Significance level at p < 0.05.
The number of cells evaluated in the current study can also be viewed in Table 2. The difference in the number of cells being evaluated was due to expression difference in each group. The highlights of the histopathological findings of NFκB and COX-2 expression at epithelial dysplasia level of OSCC between control group and experimental group can be seen in Figure 4. Furthermore, the analysis of the current study suggested that the effective dose of curcumin to suppress the expression of NFκB and COX-2 was an oral dose of 80 mg per kilogram body weight, administered thrice a day.
Figure 4.
Histopathological image of NFκB and COX-2 expression: (a) Mild expression of NFκB in experimental group, (b) moderate expression of NFκB in experimental group, (c) strong expression of NFκB in control group, (d) mild expression of COX-2 in experimental group, (e) moderate expression of COX-2 in control group, and (f) negative COX-2 expression in experimental group.
Discussion
Curcumin has been known for its medicinal potential, one of which is its anti-cancer potential. The results of the current study were in support of results provided by previous studies.11,32,33 A study by Anggarwal et al.33 about the efficacy of curcumin on human head and neck squamous cell carcinoma (HNSCC) showed how curcumin effectively suppressed the growth of the human HNSCC by interfering with the NFκB signaling pathway. NFκB, an inducible transcription factor that has been well acknowledged for its involvement in several types of cancer, is activated by a wide variety of factors, including carcinogens, tumor promoters, tumor necrosis factor (TNF) family, smoking habit, as well as UV, x-rays, and γ-radiation. The activation of NFκB has been strongly associated with the invasion and metastasis of cancer.33,34
There are several hypotheses proposed on how NFκB involved in the development of cancer. It has been shown that highly metastatic human HNSCC actively produces pro-inflammatory cytokines, namely TNF-α, several types of interleukin (IL), and granulocyte-macrophage colony stimulating, which have been known for their roles in the activation of NFκB.35 Upon activation, IκBα protein will then go through phosphorylation, ubiquitination, and degradation, which then lead to the release of p65 and p50, a subunit of NFκB. The p65 and p50 were then translocated to the nucleus to bind specific DNA sequences in the promoter of various genes, ready to initiate the transcription process.36 Based on this above mentioned, the activation of NFκB is predicted to have a major role in tumor metastasis.35 Therefore, inhibition of this particular factor is hypothesized to have an effect on tumor development as well.

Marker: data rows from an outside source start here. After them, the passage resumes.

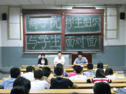 会议伊始,宁远说到,商学院三大学生组织旨在丰富同学们的大学生活,了解同学们的需求,以达到更好的为同学们服务的目的。学院学生会更多的是起到沟通老师与同学之间的桥梁作用,协助学院团委及相关部门来更好的服务同学。接着,他谈到,商学院学生会正处于成长阶段,各项体制仍需完善,各学生部门各项工作也应做到公正、公开、公平。目前商学院学生组织正逐步完善自身建设,举办特色活动以及推进维权调研工作,并希望学生理解并支持学生组织的工作,从各项活动中得到真正的能力提升。接着,李毅向在场同学阐明宿舍卫生检查和宿舍熄灯检查制度,然后介绍了自律会本学期开展第二届宿舍文化节,该活动已经通过优良学风宿舍,雅室设计大赛等一系列活动逐渐开展。接着,何倩如简单介绍了商学院社团的情况,各社团通过举办特色活动,深入企业交流、开通人人网公共主页等形式,逐渐拓宽接触面,提高了自身的组织协调能力,她说道,商学院先后共有9个社团分获山东理工大学名优社团。交流会最后,到场同学开始就学院学生组织工作中出现的问题陆续向学生组织负责人提出意见和建议,三位负责人就所提问题中涉及的学院工作、宿舍问题、社团活动等方面做出了细致而全面的回答。
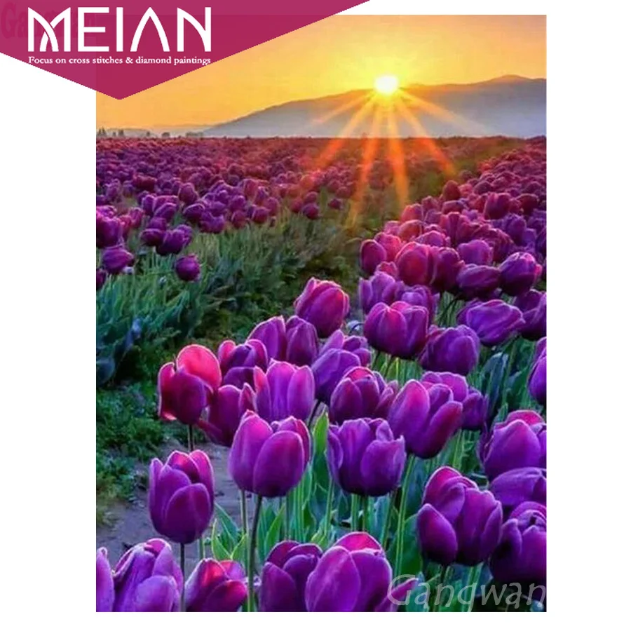 2020 Алмазная картина Meian с цветами, фиолетовые тюльпаны, вышивка, натуральные картины стразы, полный набор, искусственные наборы
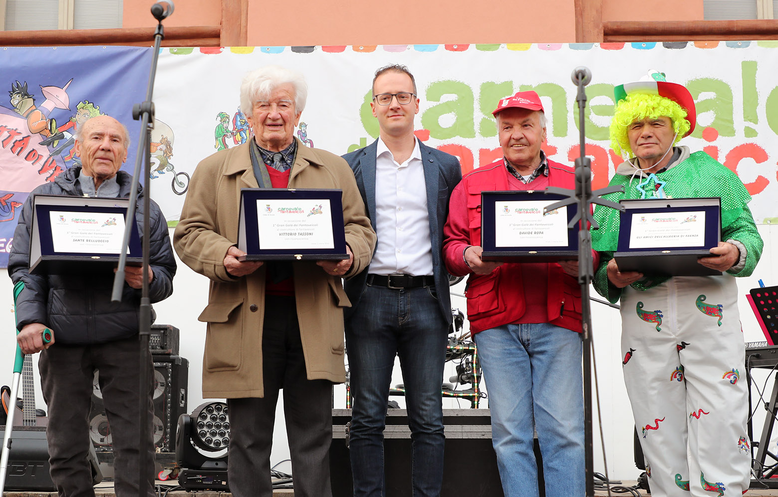 Dopo essere arrivati in piazza Matteotti, i quattro costruttori sono stati chiamati sul palco per essere premiati dal vice sindaco Patrik Cavina, con una targa a ricordo e riconoscenza per quanto fatto per il carnevale. Affollati per tutto il pomeriggio sono stati anche i gonfiabili, posti sempre in piazza Matteotti, a disposizione gratuitamente per i più piccoli.
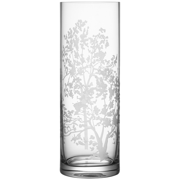 Design: Magnus ForthmeiierRundt vasen står trærne samlet lik skygger. Sagaens skog er etset i krystallens flate. Det speilblanke tjernet som skimtes mellom stammene er en optisk illusjon som lokkes frem av det tykke glasset i vasens bunn. Minimalistisk, ren design med en stilrik dekor som gjør denne vasen like vakker med blomster, som uten. Størrelse
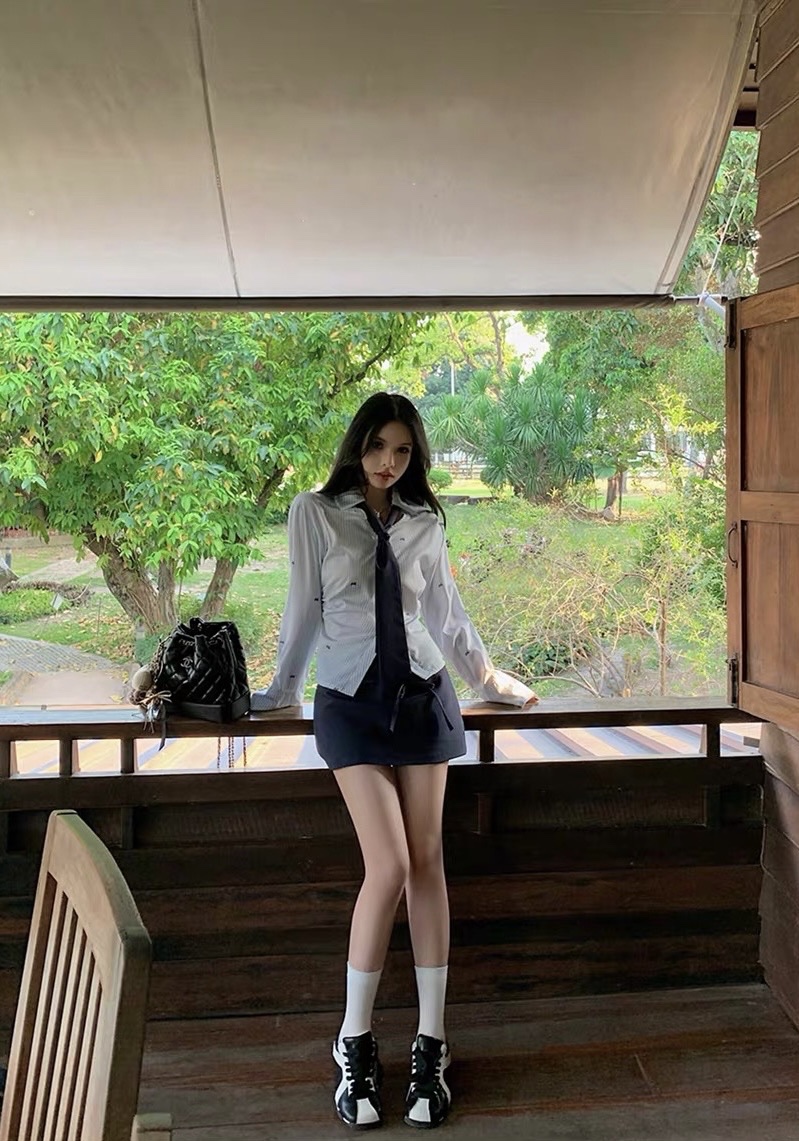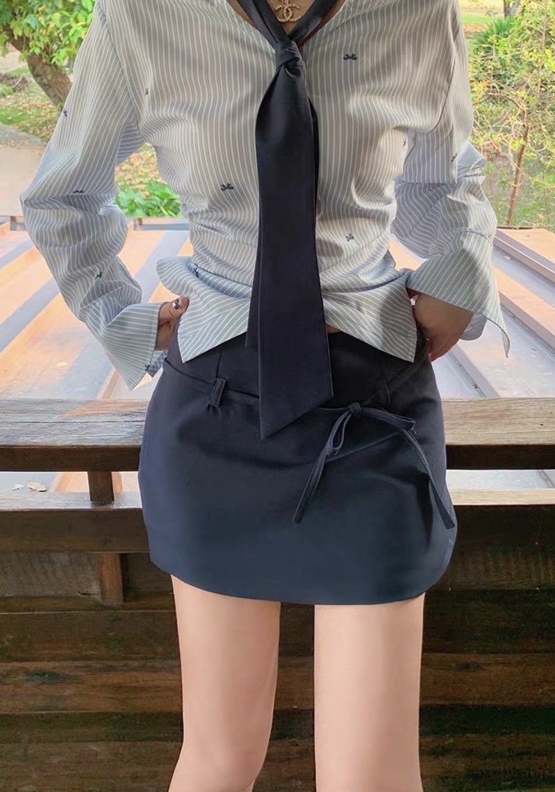 Paired with a classic gray A-line skirt, this is the perfect summer style to wear.
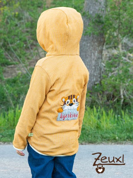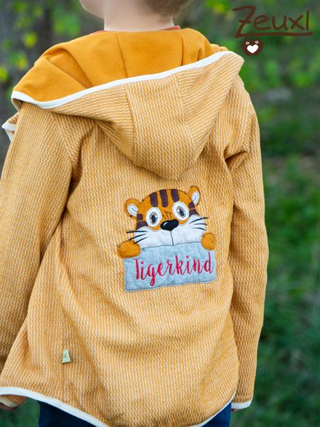 Als Nadine von Fadenspiel – Stickdateien mit Herz Probesticker für den süßen Tiger suchte, wollte er unbedingt etwas mit dem Tiger für sich haben. Diesen Wunsch konnte ich ihm gerne erfüllen. Dabei dachte ich noch, der Tiger passt eher für jüngere Kinder. Aber: Tiger sind gefährlich, hat er mir erklärt, gefährliche Tiere sind total toll und deswegen braucht er den Tiger!
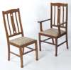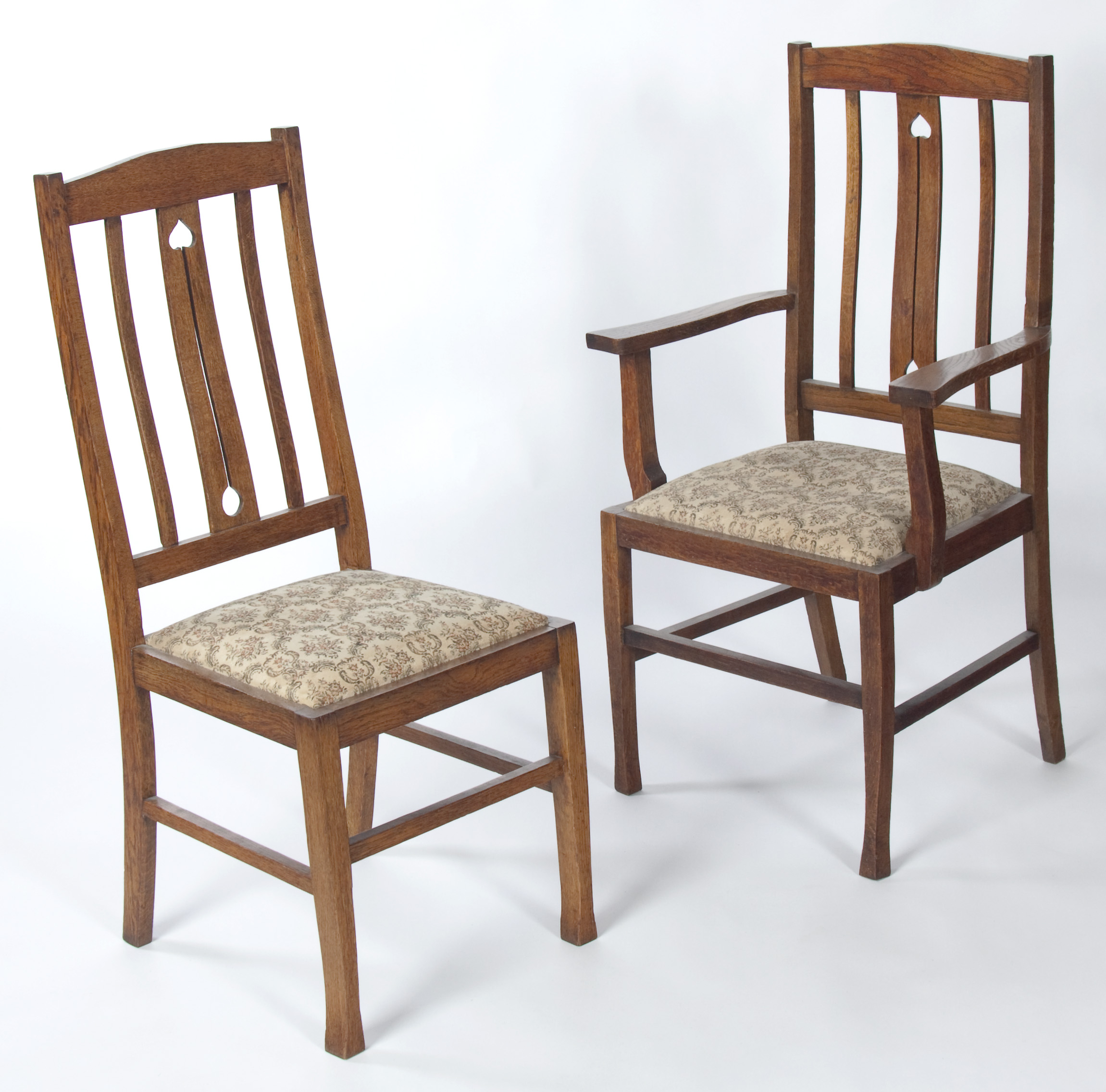 each with arched top-rail, over vertical splats, drop-in pad seat, raised on square legs united by stretchers; including a carver, (6)
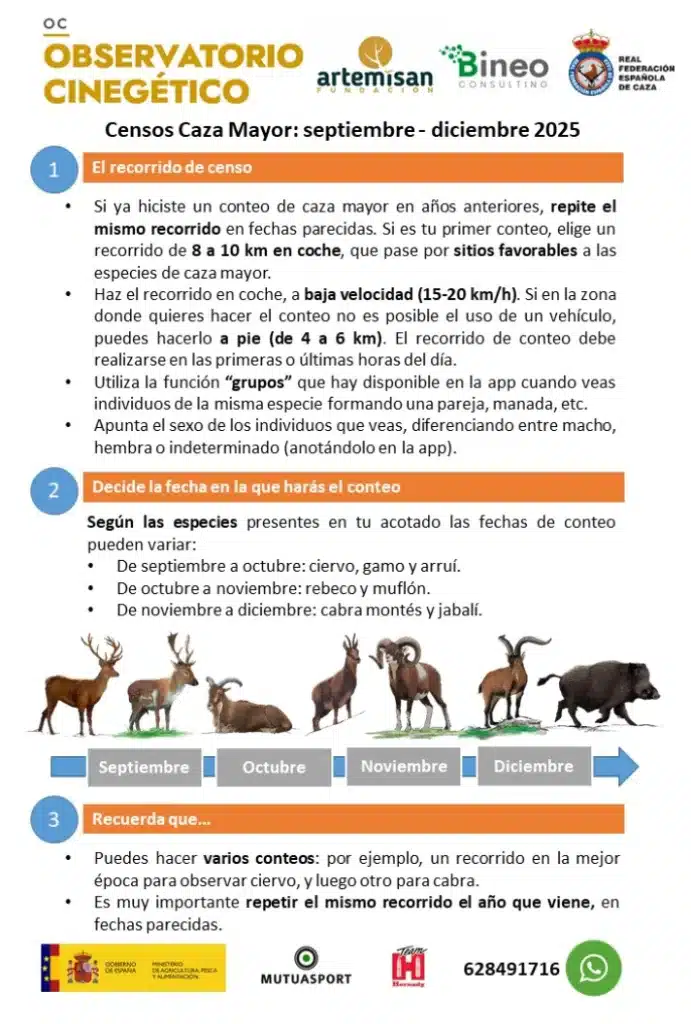 El mes de septiembre arranca con una de las iniciativas más relevantes para la gestión de la fauna en España: los censos de caza mayor del Observatorio Cinegético. Esta campaña, que se prolongará hasta diciembre, permitirá obtener información clave sobre la situación poblacional de distintas especies gracias a la participación directa de miles de cazadores que aportan sus observaciones de campo.
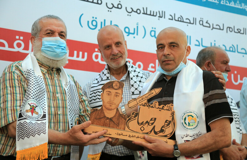 Palestinians attend a ceremony in Gaza City honoring the families of fighters killed during Israel’s attacks the previous month, 3 June.
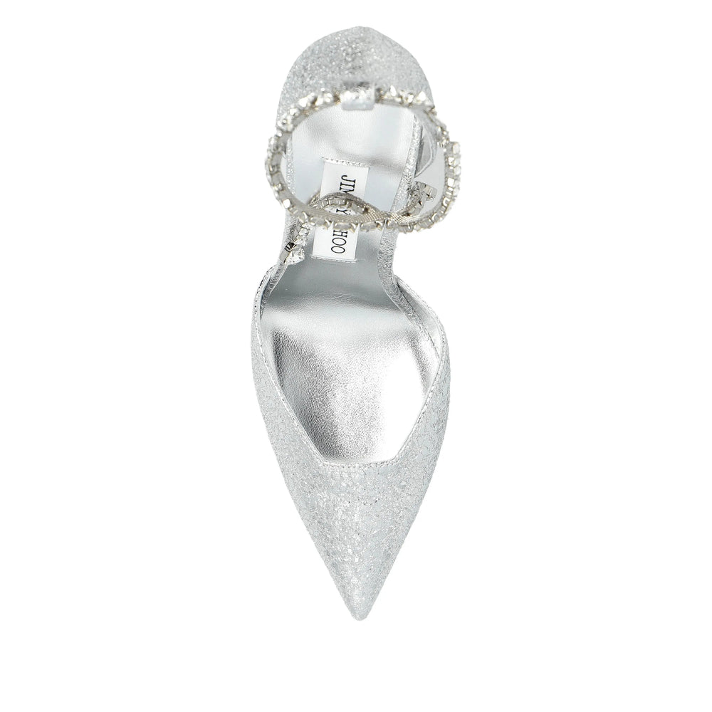 silver glitter finish pointed toe crystal-embellished ankle strap 110mm stiletto heel
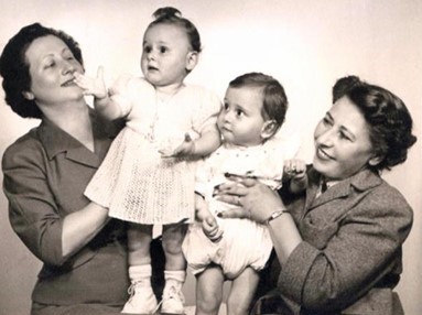 Muriel et Olivier Lendower, entourés de leurs deux grands-mères : Louise Grinbaum (mère de Janine) à gauche, et Rose Lendower à droite – 1951 – Photo familiale
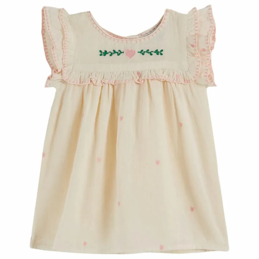 - Robe bébé en fine gaze de coton écru, ornée de mini cœurs rose pâle en all-over. Au centre de l’empiècement avant, entre deux guirlandes de feuilles vertes, un plus gros cœur est brodé au point de croix. Comment rester insensible aux broderies, reprenant la couleur des cœurs, qui embellissent l’encolure ras-du-cou, les froufrous encadrant les empiècements et les volants des entournures ? Une couleur et des broderies qui apportent douceur à tous les cœurs.
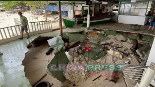 คลื่นยักษ์พัดเข้าถล่มร้านอาหารทะเล เมืองเบย์ไฮ ประเทศจีน
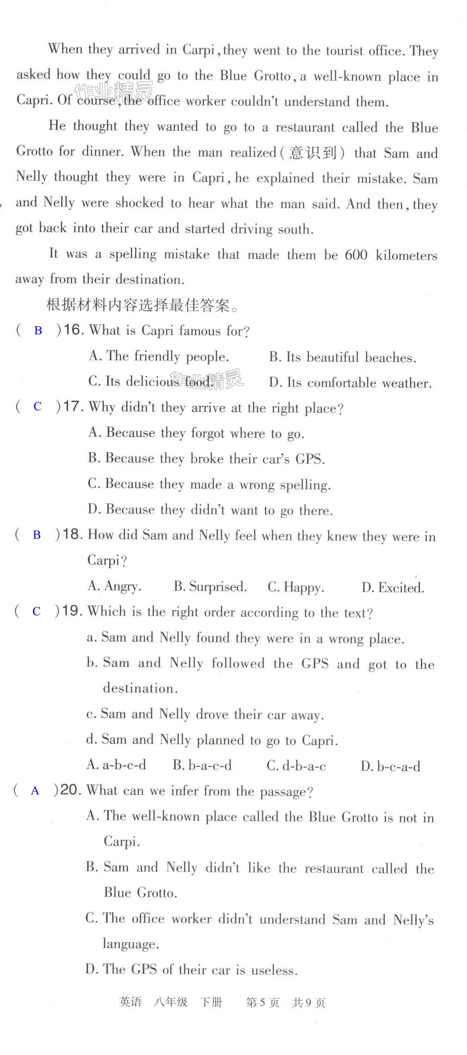 注:目前有些书本章节名称可能整理的还不是很完善,但都是按照顺序排列的,请同学们按照顺序仔细查找。练习册 2024年期末考试必刷卷八年级英语下册人教版洛阳专版 答案主要是用来给同学们做完题方便对答案用的,请勿直接抄袭。
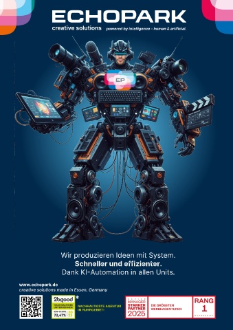 KULINARIK powered by intelligence – human & artificial. Wir produzieren Ideen mit System. Schneller und effizienter. Dank KI-Automation in allen Units. www.echopark.de creative solutions made in Essen, Germany * NACHHALTIGSTE AGENTUR IM RUHRGEBIET!
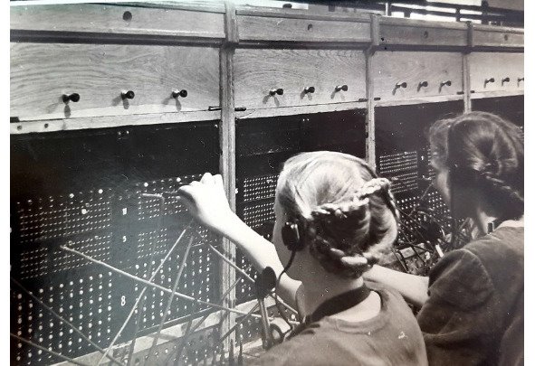 В большом помещении много кабинок – маленьких закуточков с наполовину стеклянными тяжелыми дверями, где на стене в каждом из них висит черный телефонный аппарат. Все стены и двери на телеграфе деревянные не красивого желтоватого цвета с небольшим блеском.
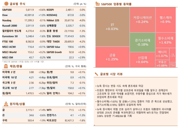 [글로벌 증시요약] 뉴욕증시, 상호관세 앞두고 저가 매수세 유입에 혼조세
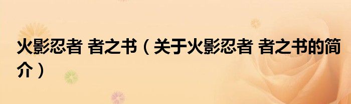 大家好,火影忍者 者之書,關于火影忍者 者之書的簡介很多人還不知道,現在讓我們一起來看看吧!
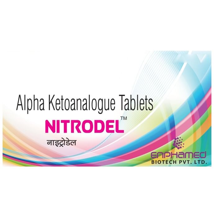 Nitrodel Tablet is a nutritional supplement used in the treatment of chronic kidney disease. It reduces urea levels in the blood and helps prevent the progression of kidney disease. This way it delays the risk of undergoing long-term dialysis. Nitrodel Tablet is to be taken by mouth with or without food. Take it in the exact dose and duration as advised by the doctor. Taking it along with a low-protein diet may help get the best of the medicine. Ensure that you maintain adequate calorie intake during treatment. While you are taking this medicine, your doctor may advise regular monitoring of serum calcium levels. This medicine is usually well tolerated with no common side effects. Ensure regular doctor consultation to evaluate medicine effects on your body. Before taking Nitrodel Tablet, it is important to tell your doctor if you are taking any other medicines for other health conditions.
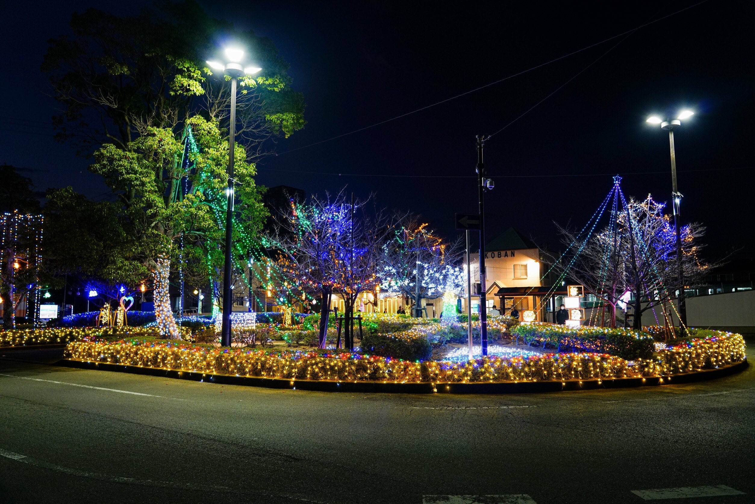 植栽帯に広がる色とりどりのイルミネーションがロータリーを彩ります。
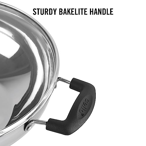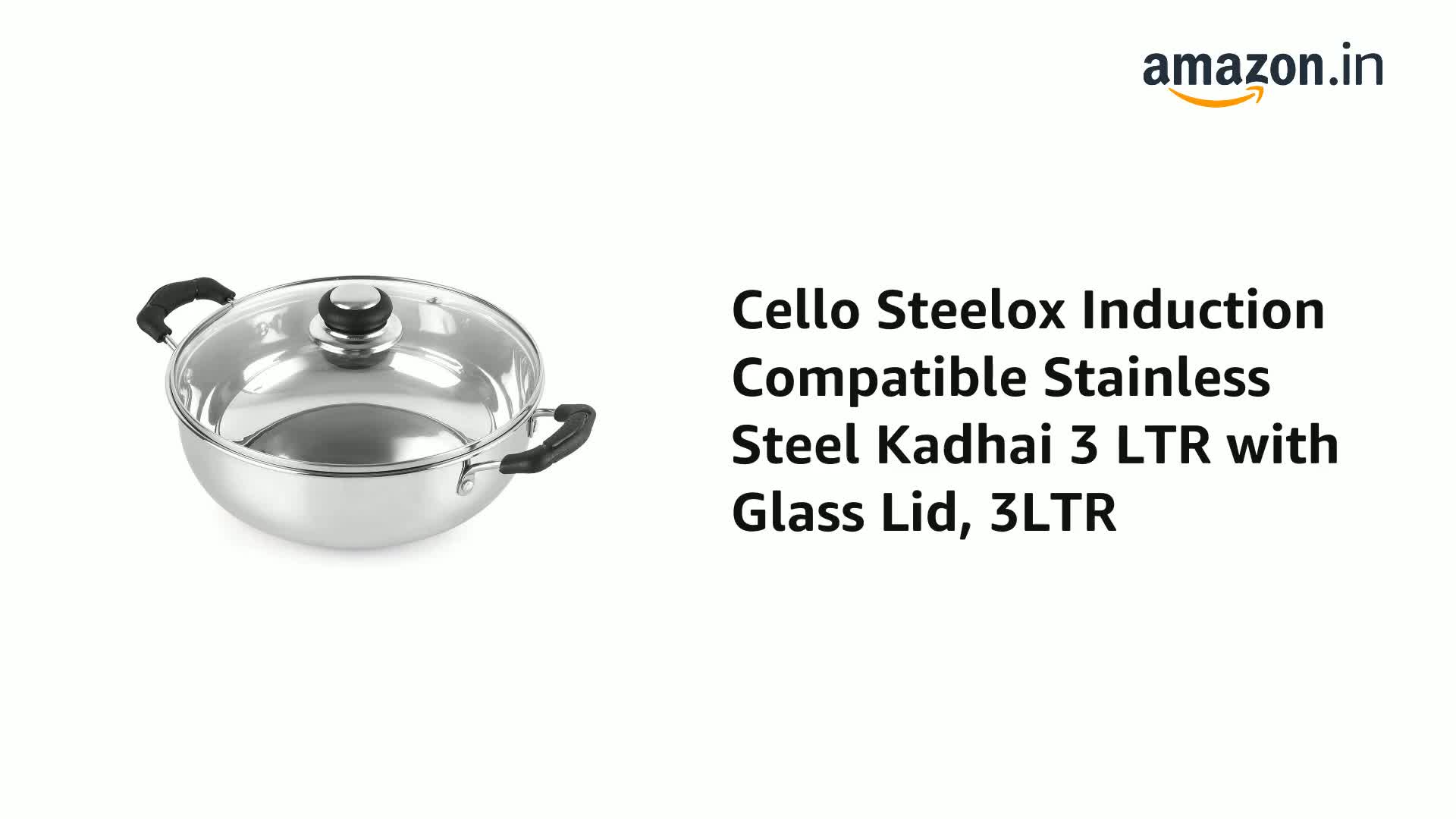 Cello Steelox Stainless Steel Kadhai 3 ltr with Glass Lid is a reliable cookware set that brings you hassle-free cooking experience. It contains one stainless steel kadhai of 3Ltrs. Made from 100% food grade stainless steel it is strong and durable. It is optimum for cooking frying and serving food for one person as well as a whole family. This Kadhai has a induction bottom which is also gass stove compatible and hence brings convenience to your kitchen. The double riveted ear handles of the kadhais provide a firm grip. It is easy to clean very stylish and will become an eye-catching piece of cookware to have in your kitchen! Cello has been with you serving you accompanying you for generations in each and every space of your home from living room to dinning room bedroom to bathroom. You have made us a part of your family. We want to strengthen this relationship by serving you more. Our products will help you spend great times with your loved ones by making household work an easier and enjoyable experience for you. We as a Cello Group is striving towards introducing a word class lifestyle to every individual for an enduring relationship of trust and commitment.

In relation to the anti-cancer potential of curcumin, several mechanisms that might explain how curcumin inhibits NFκB activation have been proposed, including inhibition of cell proliferation, suppression of the cell cycle, and induction of apoptosis.32 A study by Anggarwal et al. revealed that the inhibition of NFκB activation was performed through the abrogation of IκBα kinase (IKK), which then leads to the suppression of several cell survival gene products as well as several cell proliferative gene products, such as B-cell lymphoma 2 (Bcl-2), cyclin D1, IL-6, COX-2, and matrix metallopeptidase 9 (MMP-9). Furthermore, the NFκB inhibition by cell-permeable P65-based peptide also suppressed the proliferation of HNSCC cells. And as curcumin completely inhibited the kinase activity, it was suggested that the type of inhibition provided by curcumin on NFκB activation is a direct inhibition.33
As for COX-2 expression in OSCC, previous studies have revealed that COX-2 overexpression has been suspected to be the cause of tumorigenesis promotion through pro-carcinogen activation, cancer cell proliferation stimulation, as well as apoptosis induction.14,37 In a study conducted by Sawhney et al.,14 about the expression of NFκB and COX-2 in oral precancerous lesion (OPL) and OSCC, it was shown that both factors were found to be overexpressed and that they were positively correlated. The significant parallel-increase of both factors from normal condition OPL to OSCC indicates their involvement with the development and progression of the cancer.14 Therefore, it is only natural that an inhibition of the NFκB activation will be followed by the suppressed expression of COX-2 as shown in the results of the current study.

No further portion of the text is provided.